Action item:
Repeat the listing below in full, exactly.

Data excerpts:
□ □ □ □ □ □ □

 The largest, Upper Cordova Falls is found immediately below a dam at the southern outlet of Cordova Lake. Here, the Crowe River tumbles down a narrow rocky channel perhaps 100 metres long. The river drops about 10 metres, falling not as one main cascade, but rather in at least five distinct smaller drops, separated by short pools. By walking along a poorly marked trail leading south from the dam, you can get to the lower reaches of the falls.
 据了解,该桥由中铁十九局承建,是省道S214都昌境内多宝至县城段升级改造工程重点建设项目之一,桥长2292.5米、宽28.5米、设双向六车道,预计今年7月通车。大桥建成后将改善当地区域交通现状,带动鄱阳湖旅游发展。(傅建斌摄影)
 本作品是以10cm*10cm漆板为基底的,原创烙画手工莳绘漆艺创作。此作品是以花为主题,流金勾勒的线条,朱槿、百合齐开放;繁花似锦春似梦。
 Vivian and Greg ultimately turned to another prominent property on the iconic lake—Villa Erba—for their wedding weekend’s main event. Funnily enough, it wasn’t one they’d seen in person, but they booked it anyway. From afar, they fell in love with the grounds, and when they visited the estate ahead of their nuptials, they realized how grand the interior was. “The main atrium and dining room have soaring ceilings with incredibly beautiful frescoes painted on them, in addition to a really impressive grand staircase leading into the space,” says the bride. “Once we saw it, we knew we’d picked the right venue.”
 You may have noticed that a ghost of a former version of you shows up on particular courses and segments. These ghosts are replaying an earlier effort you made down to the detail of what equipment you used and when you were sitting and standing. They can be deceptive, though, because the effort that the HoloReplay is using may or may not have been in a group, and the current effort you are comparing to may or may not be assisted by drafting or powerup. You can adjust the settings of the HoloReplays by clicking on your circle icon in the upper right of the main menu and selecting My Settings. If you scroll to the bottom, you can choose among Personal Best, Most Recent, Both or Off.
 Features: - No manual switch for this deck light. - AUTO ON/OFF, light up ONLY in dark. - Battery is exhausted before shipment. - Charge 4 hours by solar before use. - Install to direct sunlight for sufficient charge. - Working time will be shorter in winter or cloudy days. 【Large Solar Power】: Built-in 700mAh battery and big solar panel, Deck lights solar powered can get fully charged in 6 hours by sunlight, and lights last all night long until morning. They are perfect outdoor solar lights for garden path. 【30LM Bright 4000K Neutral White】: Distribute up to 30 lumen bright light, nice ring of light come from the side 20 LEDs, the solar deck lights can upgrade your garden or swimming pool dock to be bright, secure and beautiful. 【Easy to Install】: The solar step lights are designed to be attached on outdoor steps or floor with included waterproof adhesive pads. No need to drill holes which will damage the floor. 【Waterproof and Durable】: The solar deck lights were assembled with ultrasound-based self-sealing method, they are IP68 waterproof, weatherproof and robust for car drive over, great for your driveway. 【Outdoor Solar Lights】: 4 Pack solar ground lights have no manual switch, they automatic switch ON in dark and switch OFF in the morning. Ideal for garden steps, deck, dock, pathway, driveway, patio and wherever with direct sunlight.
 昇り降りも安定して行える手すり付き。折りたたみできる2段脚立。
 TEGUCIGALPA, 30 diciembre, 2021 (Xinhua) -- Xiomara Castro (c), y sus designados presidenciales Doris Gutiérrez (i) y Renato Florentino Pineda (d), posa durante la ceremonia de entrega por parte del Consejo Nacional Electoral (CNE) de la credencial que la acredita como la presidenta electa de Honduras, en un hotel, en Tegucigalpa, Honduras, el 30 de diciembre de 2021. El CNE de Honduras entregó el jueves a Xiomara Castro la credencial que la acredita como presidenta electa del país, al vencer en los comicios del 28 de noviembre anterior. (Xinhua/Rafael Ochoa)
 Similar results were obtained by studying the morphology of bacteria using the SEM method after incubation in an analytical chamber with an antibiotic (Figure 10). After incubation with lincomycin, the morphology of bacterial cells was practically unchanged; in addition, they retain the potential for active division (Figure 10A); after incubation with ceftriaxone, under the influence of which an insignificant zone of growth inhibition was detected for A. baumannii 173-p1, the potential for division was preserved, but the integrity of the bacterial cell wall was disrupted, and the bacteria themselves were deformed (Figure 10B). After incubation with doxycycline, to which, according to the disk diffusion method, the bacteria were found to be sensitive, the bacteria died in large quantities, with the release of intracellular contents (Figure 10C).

□ □ □ □ □ □ □

Exercise answer:
 The largest, Upper Cordova Falls is found immediately below a dam at the southern outlet of Cordova Lake. Here, the Crowe River tumbles down a narrow rocky channel perhaps 100 metres long. The river drops about 10 metres, falling not as one main cascade, but rather in at least five distinct smaller drops, separated by short pools. By walking along a poorly marked trail leading south from the dam, you can get to the lower reaches of the falls.
 据了解,该桥由中铁十九局承建,是省道S214都昌境内多宝至县城段升级改造工程重点建设项目之一,桥长2292.5米、宽28.5米、设双向六车道,预计今年7月通车。大桥建成后将改善当地区域交通现状,带动鄱阳湖旅游发展。(傅建斌摄影)
 本作品是以10cm*10cm漆板为基底的,原创烙画手工莳绘漆艺创作。此作品是以花为主题,流金勾勒的线条,朱槿、百合齐开放;繁花似锦春似梦。
 Vivian and Greg ultimately turned to another prominent property on the iconic lake—Villa Erba—for their wedding weekend’s main event. Funnily enough, it wasn’t one they’d seen in person, but they booked it anyway. From afar, they fell in love with the grounds, and when they visited the estate ahead of their nuptials, they realized how grand the interior was. “The main atrium and dining room have soaring ceilings with incredibly beautiful frescoes painted on them, in addition to a really impressive grand staircase leading into the space,” says the bride. “Once we saw it, we knew we’d picked the right venue.”
 You may have noticed that a ghost of a former version of you shows up on particular courses and segments. These ghosts are replaying an earlier effort you made down to the detail of what equipment you used and when you were sitting and standing. They can be deceptive, though, because the effort that the HoloReplay is using may or may not have been in a group, and the current effort you are comparing to may or may not be assisted by drafting or powerup. You can adjust the settings of the HoloReplays by clicking on your circle icon in the upper right of the main menu and selecting My Settings. If you scroll to the bottom, you can choose among Personal Best, Most Recent, Both or Off.
 Features: - No manual switch for this deck light. - AUTO ON/OFF, light up ONLY in dark. - Battery is exhausted before shipment. - Charge 4 hours by solar before use. - Install to direct sunlight for sufficient charge. - Working time will be shorter in winter or cloudy days. 【Large Solar Power】: Built-in 700mAh battery and big solar panel, Deck lights solar powered can get fully charged in 6 hours by sunlight, and lights last all night long until morning. They are perfect outdoor solar lights for garden path. 【30LM Bright 4000K Neutral White】: Distribute up to 30 lumen bright light, nice ring of light come from the side 20 LEDs, the solar deck lights can upgrade your garden or swimming pool dock to be bright, secure and beautiful. 【Easy to Install】: The solar step lights are designed to be attached on outdoor steps or floor with included waterproof adhesive pads. No need to drill holes which will damage the floor. 【Waterproof and Durable】: The solar deck lights were assembled with ultrasound-based self-sealing method, they are IP68 waterproof, weatherproof and robust for car drive over, great for your driveway. 【Outdoor Solar Lights】: 4 Pack solar ground lights have no manual switch, they automatic switch ON in dark and switch OFF in the morning. Ideal for garden steps, deck, dock, pathway, driveway, patio and wherever with direct sunlight.
 昇り降りも安定して行える手すり付き。折りたたみできる2段脚立。
 TEGUCIGALPA, 30 diciembre, 2021 (Xinhua) -- Xiomara Castro (c), y sus designados presidenciales Doris Gutiérrez (i) y Renato Florentino Pineda (d), posa durante la ceremonia de entrega por parte del Consejo Nacional Electoral (CNE) de la credencial que la acredita como la presidenta electa de Honduras, en un hotel, en Tegucigalpa, Honduras, el 30 de diciembre de 2021. El CNE de Honduras entregó el jueves a Xiomara Castro la credencial que la acredita como presidenta electa del país, al vencer en los comicios del 28 de noviembre anterior. (Xinhua/Rafael Ochoa)
 Similar results were obtained by studying the morphology of bacteria using the SEM method after incubation in an analytical chamber with an antibiotic (Figure 10). After incubation with lincomycin, the morphology of bacterial cells was practically unchanged; in addition, they retain the potential for active division (Figure 10A); after incubation with ceftriaxone, under the influence of which an insignificant zone of growth inhibition was detected for A. baumannii 173-p1, the potential for division was preserved, but the integrity of the bacterial cell wall was disrupted, and the bacteria themselves were deformed (Figure 10B). After incubation with doxycycline, to which, according to the disk diffusion method, the bacteria were found to be sensitive, the bacteria died in large quantities, with the release of intracellular contents (Figure 10C).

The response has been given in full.